- Entries provided
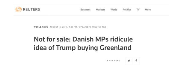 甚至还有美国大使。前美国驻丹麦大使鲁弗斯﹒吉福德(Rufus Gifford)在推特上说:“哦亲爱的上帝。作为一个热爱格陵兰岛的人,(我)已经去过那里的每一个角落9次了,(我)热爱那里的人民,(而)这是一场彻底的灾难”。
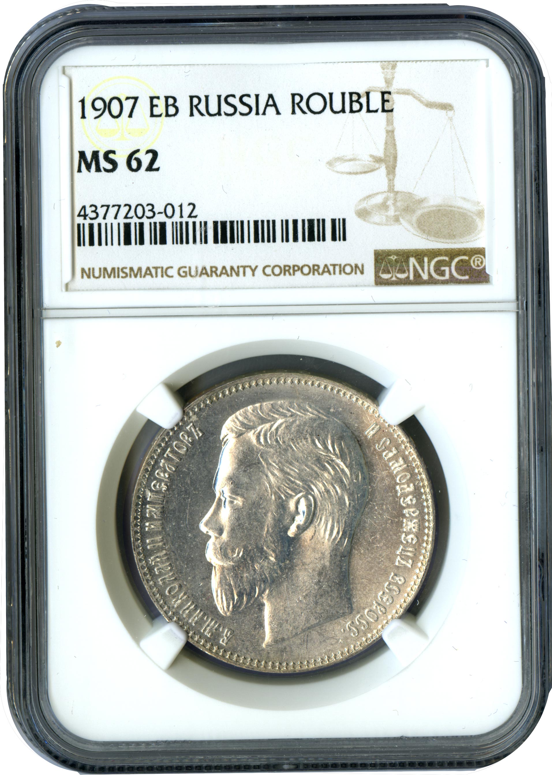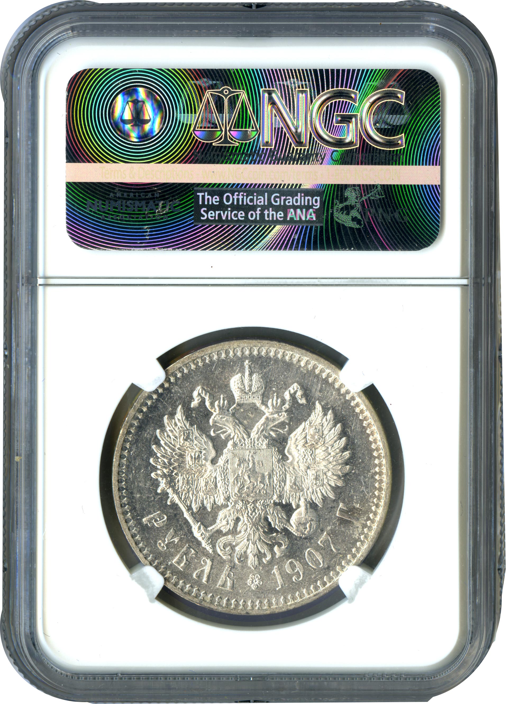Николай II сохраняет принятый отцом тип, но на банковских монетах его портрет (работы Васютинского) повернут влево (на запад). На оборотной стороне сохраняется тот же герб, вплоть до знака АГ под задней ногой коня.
==
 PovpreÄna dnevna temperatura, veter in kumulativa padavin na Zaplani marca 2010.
* * *
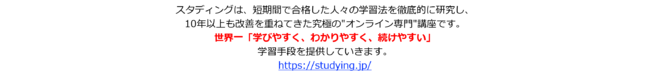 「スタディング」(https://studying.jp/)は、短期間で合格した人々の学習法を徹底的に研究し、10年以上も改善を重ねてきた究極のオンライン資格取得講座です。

- Directions for this task
Look through the material above. Transcribe exactly the lines between the ones with "甚至还有美国大使。前美国驻丹" and "Николай II сохраняет", inclusive, and keep pictures out.

- Your solution
 甚至还有美国大使。前美国驻丹麦大使鲁弗斯﹒吉福德(Rufus Gifford)在推特上说:“哦亲爱的上帝。作为一个热爱格陵兰岛的人,(我)已经去过那里的每一个角落9次了,(我)热爱那里的人民,(而)这是一场彻底的灾难”。
Николай II сохраняет принятый отцом тип, но на банковских монетах его портрет (работы Васютинского) повернут влево (на запад). На оборотной стороне сохраняется тот же герб, вплоть до знака АГ под задней ногой коня.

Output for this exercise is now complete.